Hi there- I see on line that there are 2 puppy breeders with the name Chrisman - One in PA and one in NJ. Can anyone tell me the difference? Does anyone know anything about the one in PA? Is it reputable?


----------



## Bibu (Jun 3, 2010)

I don't have a pup from Chrisman but some members here on SM do and they are just adorable! I know for a fact that they are located in PA and not NJ. Hope this helps.


----------



## edelweiss (Apr 23, 2010)

Chrisman has two locations: they are in PA. and Vero Beach, Florida not NJ.
I am not sure what is in NJ?


----------



## Sylie (Apr 4, 2011)

Have you visited their web-site? You will see that they have a place in PA and Florida. You will also see that they have very gorgeous dogs, and have been showing for a long time. MiMi is from another breeder in PA, but has Chrisman dogs in her pedigree. Her grandfather is the very handsome Ch.

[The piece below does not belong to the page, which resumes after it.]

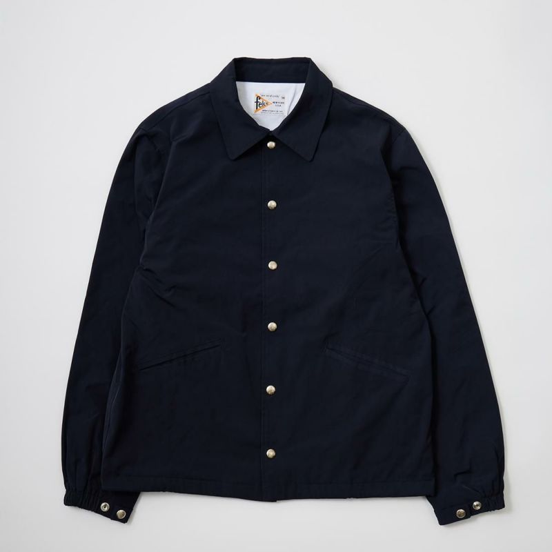 FELCO(フェルコ)のSET IN SLEEVE COACH JACKET SNAP BUTTON FRONT W/FLANNEL LINING CLASSIC FIT。撥水性を持つウォータープルーフナイロンを使用したスナップフロントのコーチジャケット。襟は大きめで風防のチンストラップが付属。ポケットはフロントに2つと、内ポケット2つ、そして背面右側にはデザインとしてもポイントになるポケットを配置。裏地にはコットンフランネルのライニングが付き、袖口はスナップでサイズ調整が可能なゴム仕様。こちらは従来のモデルよりも全体的にゆとりを持たせたクラシックフィット。ストレスのない着用感で重ね着もし易いコーチジャケットに仕上がっています。

Tony Sopranao.

Very reputable breeders.


----------



## revakb2 (Sep 8, 2006)

Chrisman is a well known and respected breeder in PA and FL. Lots of our members have Chrisman malts. I don't own one, but have seen them at shows many times and they are beautiful dogs. I personally wouldn't hesitate to buy a Chrisman pup.


----------



## Lacie's Mom (Oct 11, 2006)

I've known Manny and Chris for many years and they have gorgeous dogs, imho. You will find their lines in the pedigrees of many other breeders. As said previously, they have a home in PA and another in FL and, depending, on the seasons are in one or the other place (i.e., when it's wnter, they're in FL and in the summer they're in PA). Very reputable and well respected breeders.


----------



## bobby4 (Jun 23, 2011)

Thanks so much for your info!


----------



## mom2bijou (Oct 19, 2006)

Hi and welcome to SM! My Benny is from Chrisman. As the others stated they have locations in PA and in FL. I believe years ago they were located in NJ before moving to PA.


----------



## Snowbody (Jan 3, 2009)

My Tyler is a Chrisman pup and I couldn't have asked for more in a dog...he's loving, fun, sweet and handsome. He has the temperament I asked for...not shaky or timid but secure about himself. I love him to pieces and think he's really special, but don't we all? :HistericalSmiley:


----------



## kcbellifemine (Feb 20, 2012)

*Chrisman Maltese*

Chrisman has two locations: PA and Fl.
I bought my girl from them. Great Dog!


----------